Billet. Pourquoi relire 1984 en 2025 ?

by Fousseni TOGOLA 3 avril 2025
written by Fousseni TOGOLA 2 minutes read

En 2025, Orwell n’est plus une référence littéraire, mais un miroir. Dans un monde où la surveillance est volontaire et la vérité négociable, relire 1984 devient un acte de résistance tranquille.

Il n’a jamais été aussi urgent de relire 1984. Pas pour le plaisir morbide de constater à quel point George Orwell avait vu juste, mais pour mesurer tout ce que nous avons accepté, lentement, insidieusement, au nom de la sécurité, du progrès, ou du confort. 

Nous vivons dans un monde où la surveillance est désormais invisible et consentie. Les écrans sont devenus les complices dociles de notre dépendance à l’instant. La langue se simplifie, se désosse, jusqu’à en devenir inoffensive. L’Histoire s’efface, se réécrit ou s’ignore — selon les besoins du jour. Big Brother n’est plus un dictateur, c’est un algorithme.

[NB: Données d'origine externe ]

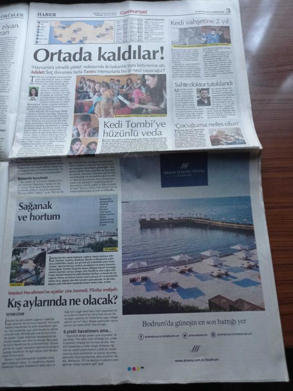 Sayfa Boyutu: 38*56cm Sayfa Sayısı:16 Cumhuriyet Gazetesi Yıpranma, sararmalar, kupon kesiği ve yırtılmalar zamana bağlı olarak görülebilir

Plus qu’une suggestion littéraire, un acte de lucidité

Orwell, lui, pensait en dictatures bruyantes. Nous avons inventé des démocratures muettes. Et chacun y va de son écran, de son identifiant, de sa géolocalisation offerte, de son visage numérisé avec le sourire. Qui a besoin de policiers quand il y a des abonnements ? Qui a besoin de censure quand l’autocensure est devenue une politesse sociale ?

1984 ne prédisait pas un régime. Il annonçait une tentation. Celle du repli, de la pensée unique, du refus du doute. Celle, surtout, de croire que la vérité est relative, manipulable, reprogrammable. Relire Orwell aujourd’hui, c’est mesurer à quel point nous avons banalisé l’absurde.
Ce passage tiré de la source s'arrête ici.